Exercise details: What is wanted is every line below from the one with "Colgantes conchas kauri" up to and including the one with "Sunrise Hike, Mountain", retyped exactly, pictures excluded, nothing else.

Data to examine:
+===+

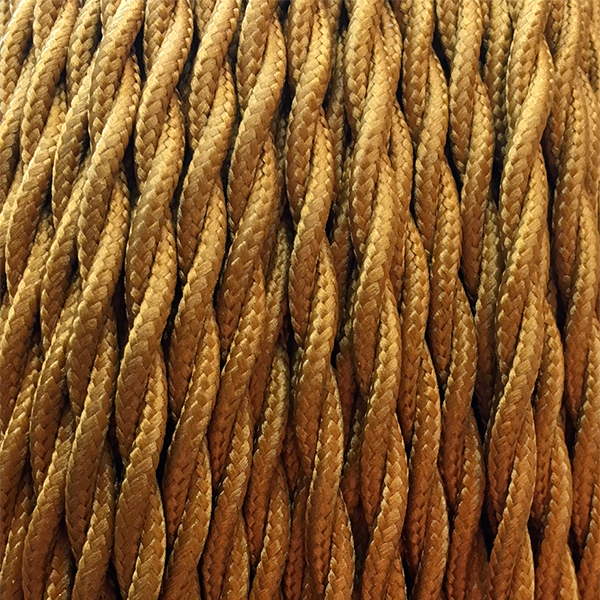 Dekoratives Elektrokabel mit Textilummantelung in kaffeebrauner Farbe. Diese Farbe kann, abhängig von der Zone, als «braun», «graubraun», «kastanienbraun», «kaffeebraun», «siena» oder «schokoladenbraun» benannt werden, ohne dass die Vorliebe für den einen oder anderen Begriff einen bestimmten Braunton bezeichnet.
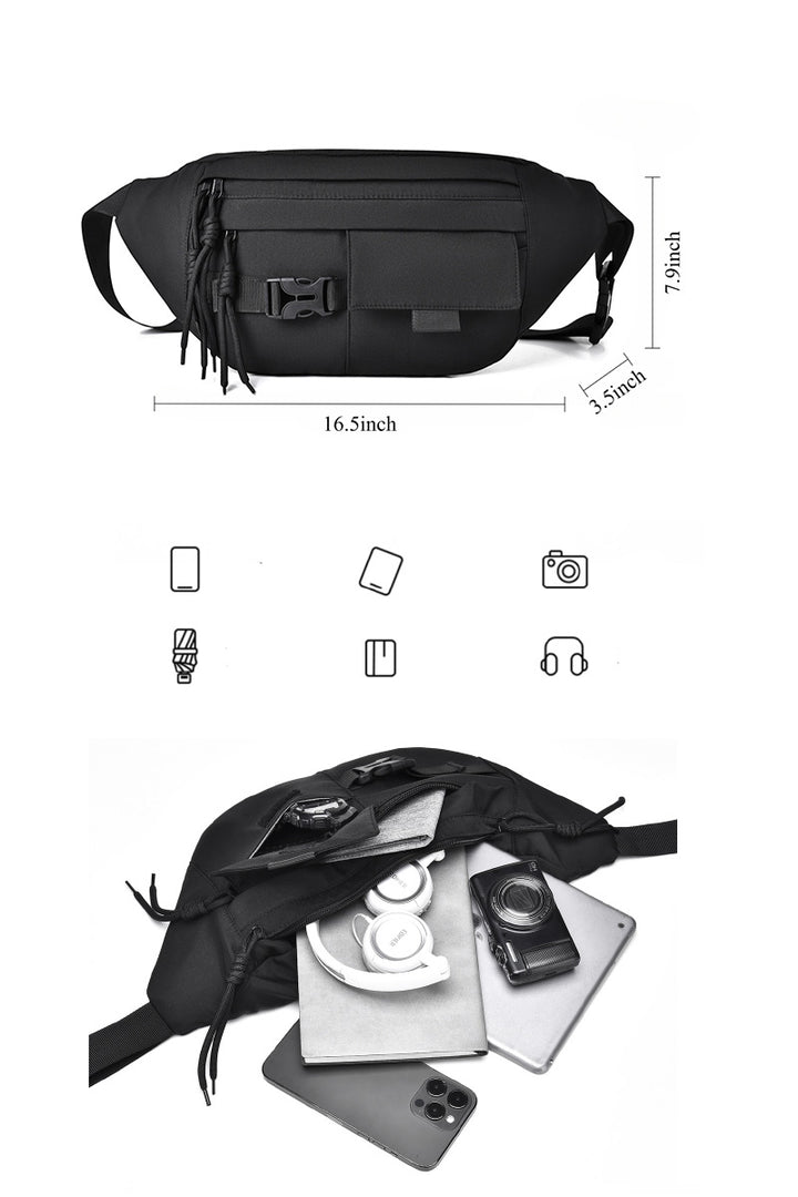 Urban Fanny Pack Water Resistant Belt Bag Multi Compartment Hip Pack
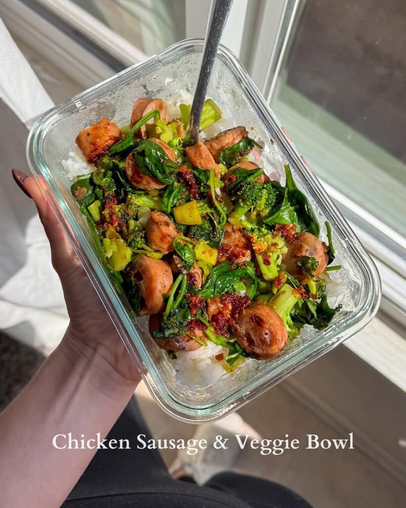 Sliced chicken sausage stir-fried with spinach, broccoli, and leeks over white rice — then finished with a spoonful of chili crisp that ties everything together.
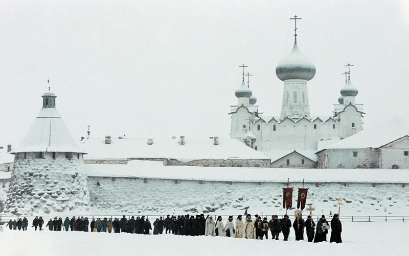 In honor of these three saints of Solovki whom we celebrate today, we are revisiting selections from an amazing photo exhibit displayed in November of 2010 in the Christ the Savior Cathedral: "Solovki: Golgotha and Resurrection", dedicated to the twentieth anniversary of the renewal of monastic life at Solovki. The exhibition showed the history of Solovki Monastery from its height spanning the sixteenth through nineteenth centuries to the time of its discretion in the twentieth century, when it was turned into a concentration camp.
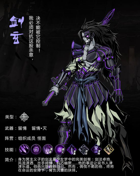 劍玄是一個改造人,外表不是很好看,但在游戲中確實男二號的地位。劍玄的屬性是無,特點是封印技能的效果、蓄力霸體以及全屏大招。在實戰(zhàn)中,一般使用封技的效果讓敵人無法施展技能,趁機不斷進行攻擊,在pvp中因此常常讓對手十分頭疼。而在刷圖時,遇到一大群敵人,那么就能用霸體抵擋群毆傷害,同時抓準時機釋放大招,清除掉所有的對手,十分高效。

+===+

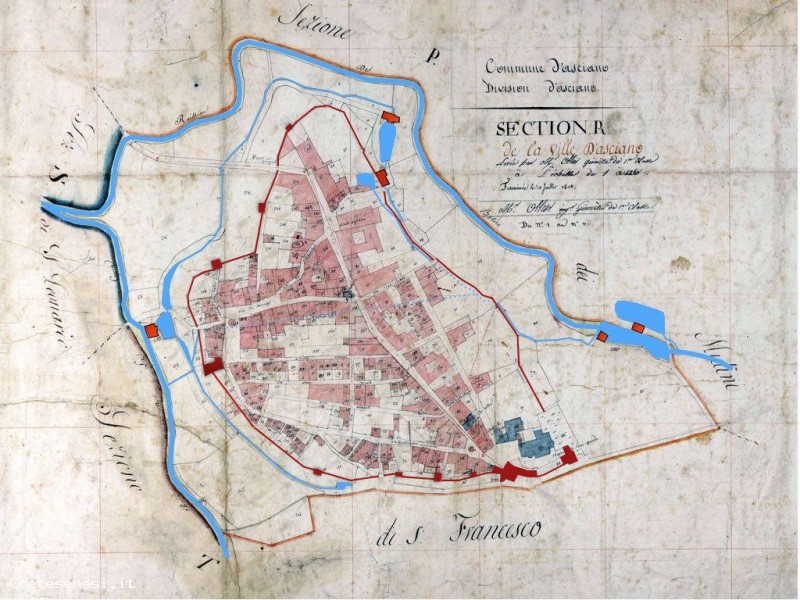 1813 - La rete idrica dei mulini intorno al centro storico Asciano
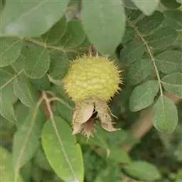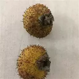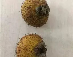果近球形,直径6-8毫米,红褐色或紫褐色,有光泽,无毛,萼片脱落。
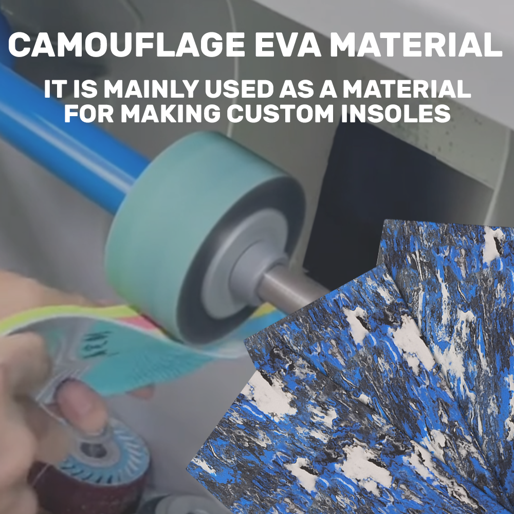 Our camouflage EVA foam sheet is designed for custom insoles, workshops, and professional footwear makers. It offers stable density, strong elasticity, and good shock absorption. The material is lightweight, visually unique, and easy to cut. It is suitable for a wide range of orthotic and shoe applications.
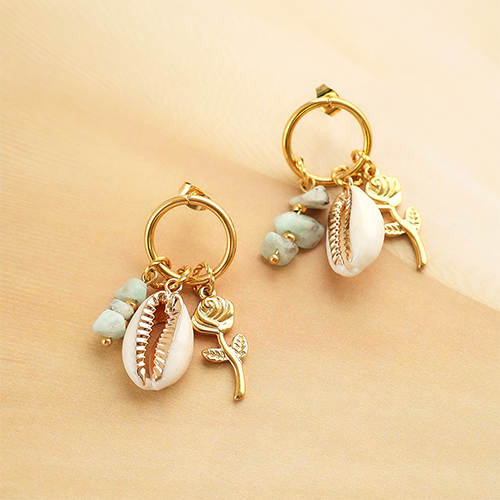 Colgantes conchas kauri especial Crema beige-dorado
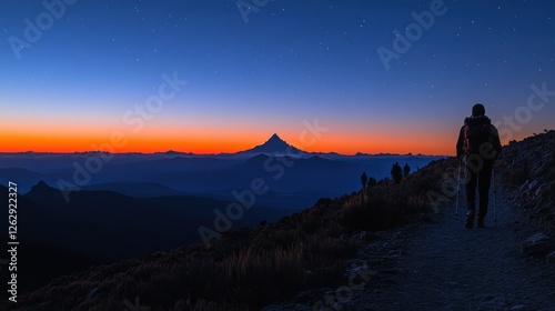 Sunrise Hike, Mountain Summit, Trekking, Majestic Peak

+===+

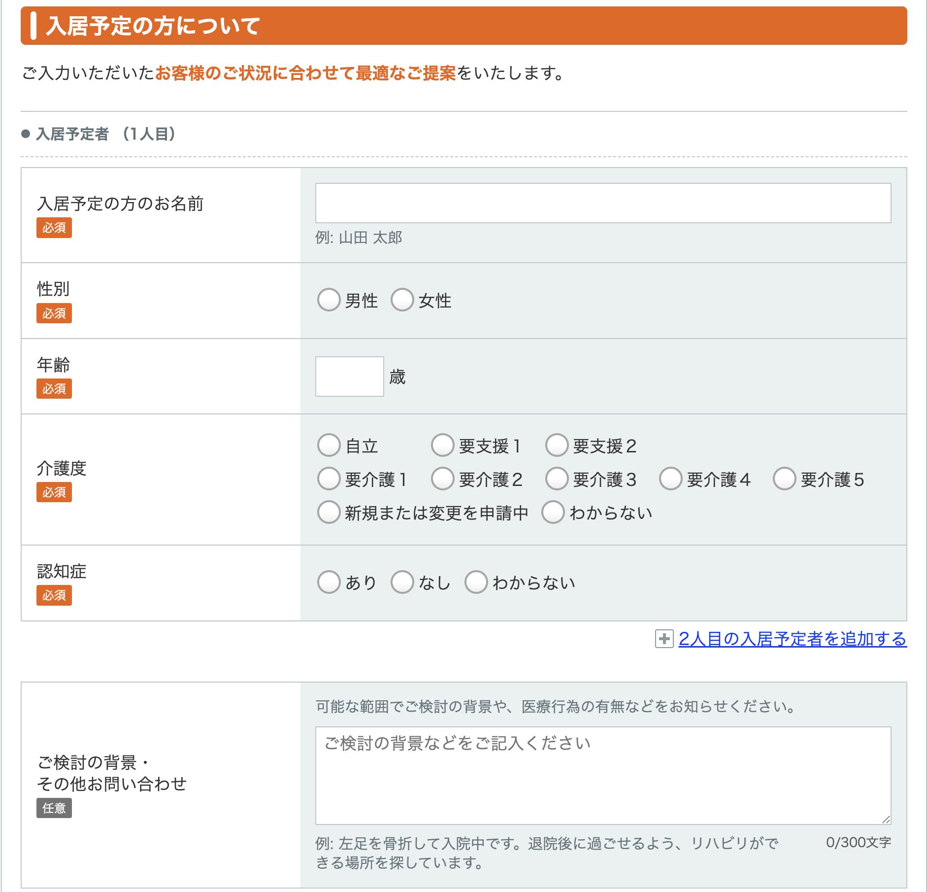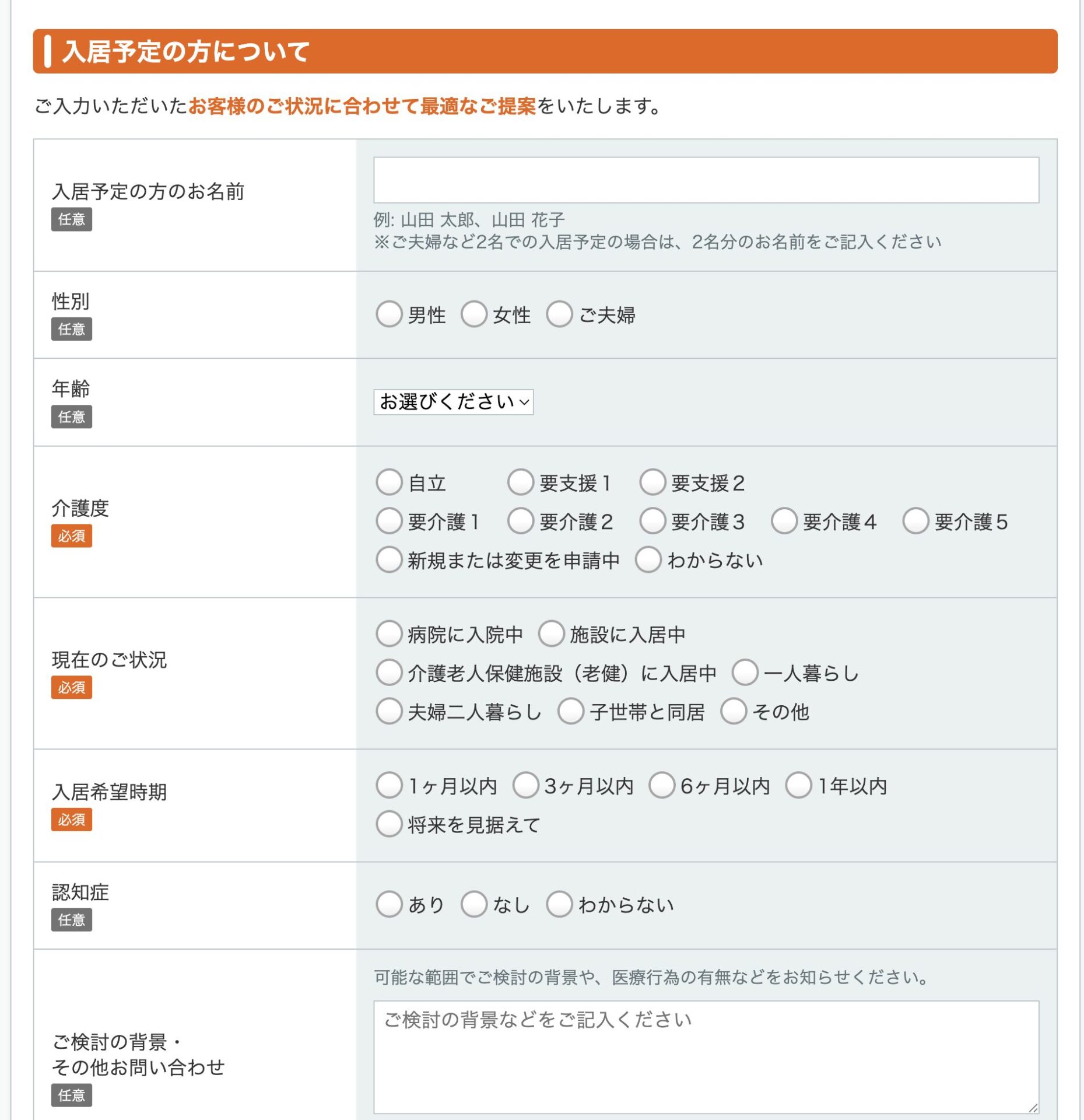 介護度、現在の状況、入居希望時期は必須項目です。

+===+

Answer to this exercise:
 Colgantes conchas kauri especial Crema beige-dorado
 Sunrise Hike, Mountain Summit, Trekking, Majestic Peak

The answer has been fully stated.